Principle #4 - Reduce Impact of Variety

The final principle takes the occurrence of engineering change as given, and focuses on minimizing the impact. Product-product couplings, which exist between two interacting components that are part of the same system, are the source of much of the difficulty with product change. These problems are best addressed by product architecture. In particular, systems that are more modular and make use of standardized parts will experience a reduced impact from change since parts are more readily accessible, substitute easier, and reduce the total number of parts that must be managed.

• Suggestion #1 – Pursue a Modular Product Development Strategy. To efficiently customize products for individual customers requires a modular product architecture that determines what types of components will be used and what linkage system will connect them to make specific products for individual customers. Modular product architecture not only reduces the effects of product-product couplings, it also serves to create product lines that can be easily, quickly, and most important cost effectively customized.
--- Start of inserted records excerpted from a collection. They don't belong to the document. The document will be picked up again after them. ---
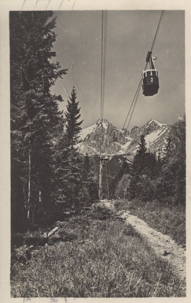 Wagonik kolei linowej na Łomnicę na trasie do Łomnickiego Stawu. W tle Łomnica, Widły i Kieżmarski Szczyt.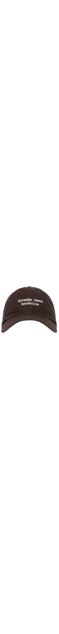 O boné marrom é produzido em sarja. A peça possui aba curva, seis gomos com vias respiráveis, frase bordada em cor contrastante na parte frontal, detalhe de botão aplicado no topo, acabamento pespontado e fechamento posterior por strapback com fivela metálica ajustável.
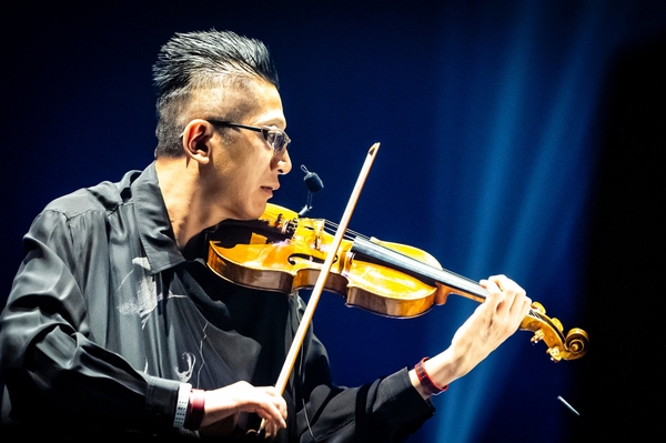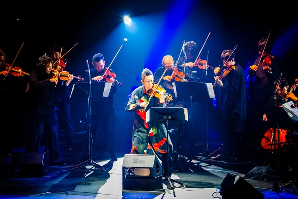 南スタンドに腰をおろすと、ステージが眼前に広がる。左右に置かれた巨大スクリーン、バックに掲げられた武田双雲の筆による「石田組」のロゴ、それに数え切れないほどの照明が仕込んであるようだ。武道館というハコに真っ向から挑むような舞台の構えに期待が一気に膨らむ。開演時刻になると客電が落ち、歓声が上がる。紫色の灯りの中に登場した出演者陣(組員)が低くイントロを刻み始める。「BATTLE WITHOUT HONOR OR HUMANITY」(布袋寅泰)だ。やおらステージ中央に後光が差すと、ゆっくりと石田泰尚が登場。組員は全員サングラスを着けている。のっけからこれほど歌舞くとは!呆気にとられている内に、コンサートは「天国への階段」(レッド・ツェッペリン)、「スターゲイザー」(レインボー)と70年代ハードロックのレパートリーが続く。そういえばこの日取り上げられたバンドは、後半のU.K.を除けば皆武道館でのライブを行なっている。「天国への階段」では照明の演出により教会でカンタータを聴いているような雰囲気を作っていく。ジミー・ペイジのあのギターソロは辻本玲(チェロ)、中村洋乃理(ヴィオラ)、佐久間聡一(第1ヴァイオリン)、双紙正哉(第2ヴァイオリン)のトップ奏者によるソロで繋ぐ。石田組は音楽を通して各メンバーにスポットを当てていくのが本当にうまい。「スターゲイザー」ではディストーションや太い音圧がPAを通してしっかりと響く。ケルト〜中東という流れに続いて、「亡き王女のためのパヴァーヌ」(ラヴェル)、「火祭りの踊り」(ファリャ)、「ファランドール」(ビゼー)と、クラシックナンバーを通じてエキゾチックな雰囲気が会場を覆う。「ファランドール」はこの日最初のピークを刻んだ。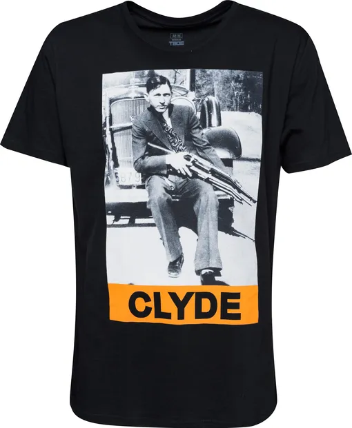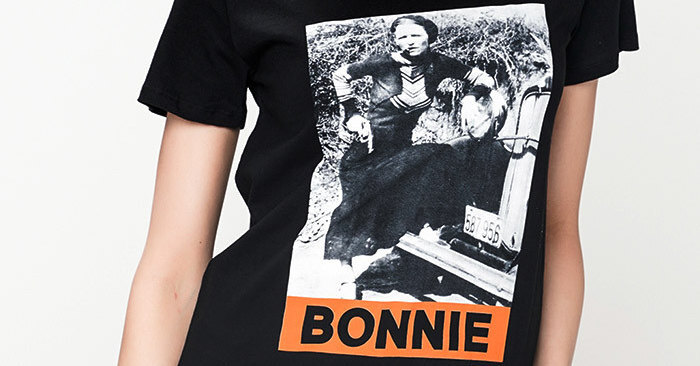 Вторая пара футболок посвящена американским грабителям начала ХХ века Бони и Клайду. Эта пара начинала с ограблений небольших магазинов во времена Великой депрессии и уже после перешла к разгромам банков. Свою популярность и даже культ влюбленные обрели не только из-за удивительной жизни разбойников и трагичной смерти, но и благодаря почти кинемаграфичному образу Бони, который создала пресса на основе фотографий пары. Так, Бонни описывали как любовницу гангстера, курящую сигары и эффектно владеющую стрельбой, хотя это была лишь часть ее сценического образа для фотосессии.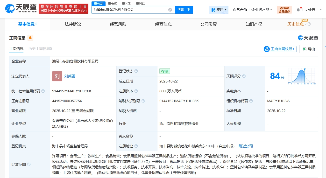 雷达财经讯,天眼查工商信息显示,近日,汕尾市东鹏食品饮料有限公司成立,法定代表人为刘美丽,注册资本6000万人民币,经营范围含食品生产、饮料生产、食品销售、食品用塑料包装容器工具制品生产、道路货物运输、保健食品销售、非居住房地产租赁等。股东信息显示,该公司由东鹏饮料(605499)全资持股。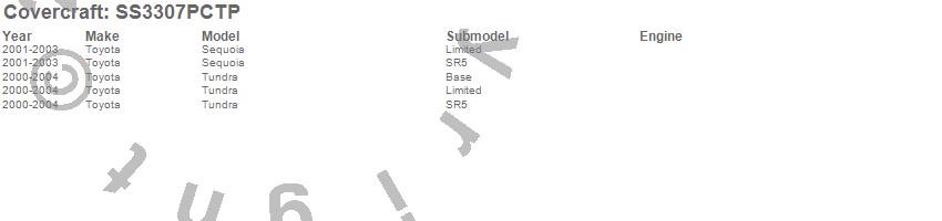 Below is an abbreviated list of applications for the SeatSaver Custom Seat Cover.Sequoia, Tundra, Toyota, 2004, 2003, 2002, 2001, 2000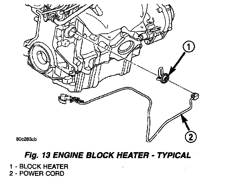 The heater is mounted in a core hole (in place of a core hole plug) in the engine block, with the heating element immersed in coolant (Fig. 13). The engine block heater is available as an optional accessory. The heater is powered by ordinary house current (110 Volt AC) through a power cord and connector.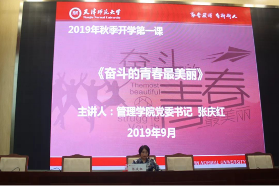 张庆红从习近平总书记同各界青年代表座谈时对青年的寄语展开,旁征博引、深入浅出地讲授国家对青年群体的期望、鼓舞和激励,并将讲政治、讲道理和讲故事有机结合起来,对广大新生寄语“三个做到”:要求广大青年在新时代做到珍惜青春、修德青春、奋斗青春。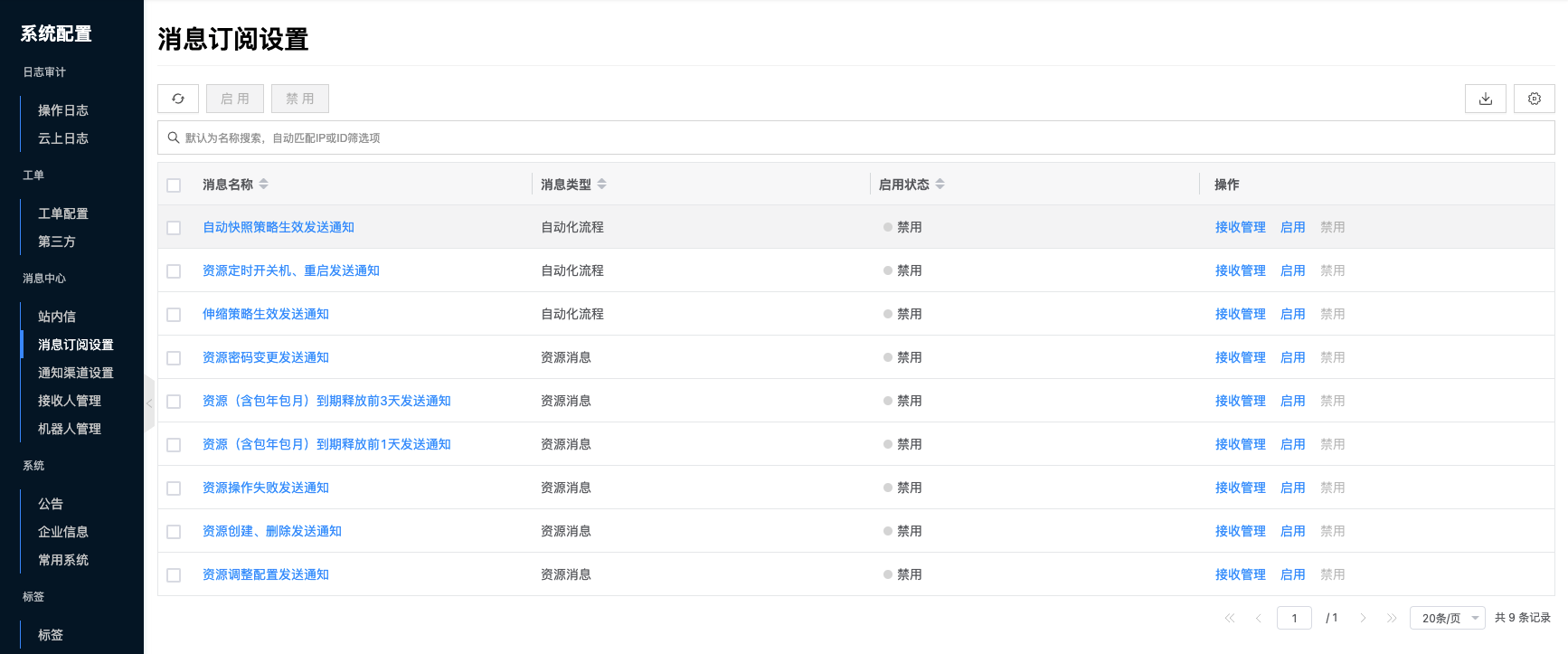 Entry: In the cloud management platform, click the navigation menu in the upper left corner, and click the "System Configuration/Message Center/Message Subscription Settings" menu item in the pop-up left menu bar to enter the message subscription settings page.

In other words, it simplifies the problem of supporting a customer led strategy. This Suggestion requires significant commitment and dedication of resources, which are beyond the scope of this project, however, this investigation supports other existing projects which will continue to pursue this issue.
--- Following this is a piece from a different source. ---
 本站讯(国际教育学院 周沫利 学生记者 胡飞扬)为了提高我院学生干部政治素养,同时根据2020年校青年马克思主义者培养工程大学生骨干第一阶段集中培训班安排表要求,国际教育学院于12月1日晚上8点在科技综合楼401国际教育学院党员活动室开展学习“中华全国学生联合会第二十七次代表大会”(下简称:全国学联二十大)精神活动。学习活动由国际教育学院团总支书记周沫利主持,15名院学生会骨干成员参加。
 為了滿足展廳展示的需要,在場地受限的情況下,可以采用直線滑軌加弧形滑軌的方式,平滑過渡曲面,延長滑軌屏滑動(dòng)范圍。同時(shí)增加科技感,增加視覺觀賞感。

• Suggestion #2 – Standardize parts used across the product lines. One of the keys to minimizing the impact of product change is to reduce the internal variety to the point where products can be built flexibly without the cost and time delays of setup changes. This can be accomplished through the use of standardized parts, features, materials, and processes in the design phase. This is generally an easy sell for smaller inexpensive parts such as fasteners, however it also holds true for more expensive components.
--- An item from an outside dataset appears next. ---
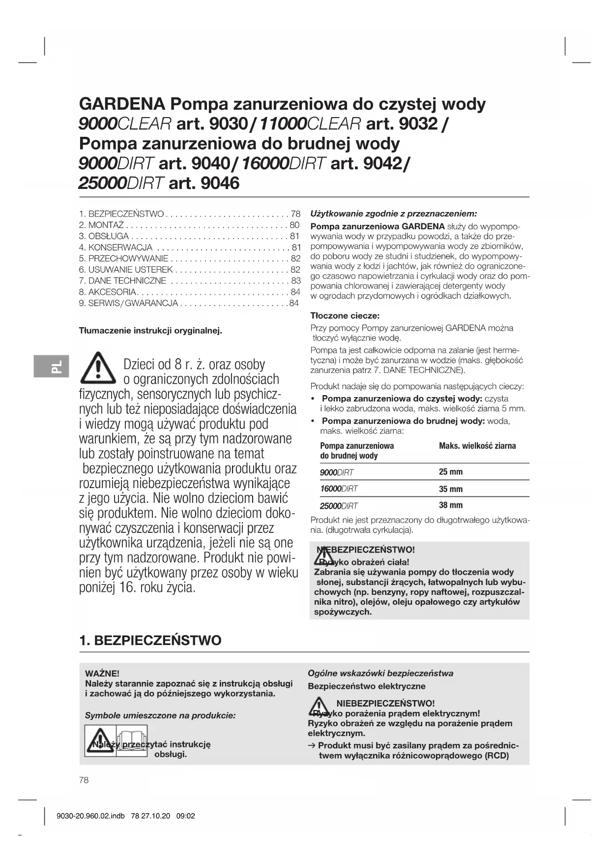 WAŻNE! Należy starannie zapoznać się zinstrukcją obsługi izachować ją do późniejszego wykorzystania. Symbole umieszczone na produkcie: Należy przeczytać instrukcję obsługi. Ogólne wskazówki bezpieczeństwa Bezpieczeństwo elektryczne NIEBEZPIECZEŃSTWO! Ryzyko porażenia prądem elektrycznym! Ryzyko obrażeń ze względu na porażenie prądem elektrycznym. v Produkt musi być zasilany prądem za pośrednic- twem wyłącznika różnicowoprądowego (RCD) GARDENA Pompa zanurzeniowa do czystej wody 9000CLEAR art. 9030 / 11000CLEAR art. 9032 / Pompa zanurzeniowa do brudnej wody 9000DIRT art. 9040 / 16000DIRT art. 9042 / 25000DIRT art. 9046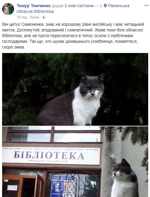 Перехожі часто бачать його біля приміщення обласної бібліотеки, що на вулиці Короленка, 6. Кіт з грайливим характером, доглянутий і цікавий до нового. Рівнянин Тимур Тимченко, жартівливо зауважує, що тваринка доволі інтелігентна і мови іноземні знає, вірші цитує. Тож пригляньтесь до цього котика, можливо вам не вистачає такої компанії.

• Suggestion #3 – Develop and use a product configurator. Configuration software, known as "configurators" have been developed to keep track of all the options and features and all the rules that apply to their use. These configurators are capable of managing the relationships between options at a very detailed level and can be extended upstream towards the customer to provide an interface which "knows" all the features, options, and prices as well as all the rules that govern dependencies, conflicts, and constraints. The configuration "engine" can do the necessary calculations to resolve complex relationships quickly to provide the best solution to meet customer needs based on the available options.

Product Change control has received little attention in the context of benchmarking or lean manufacturing. This is in part because each industry has different constraints with regard to product change. These principles will need to be tailored to fit the exact situation; however, if used as a guideline they should speed the change process and simplify the change problem regardless of the industry.

REFERENCES: None

ACKNOWLEDGEMENT: This is a March 29, 1999 revision by Gene Goodson of an assignment for OM742 contributed by John E. Braun.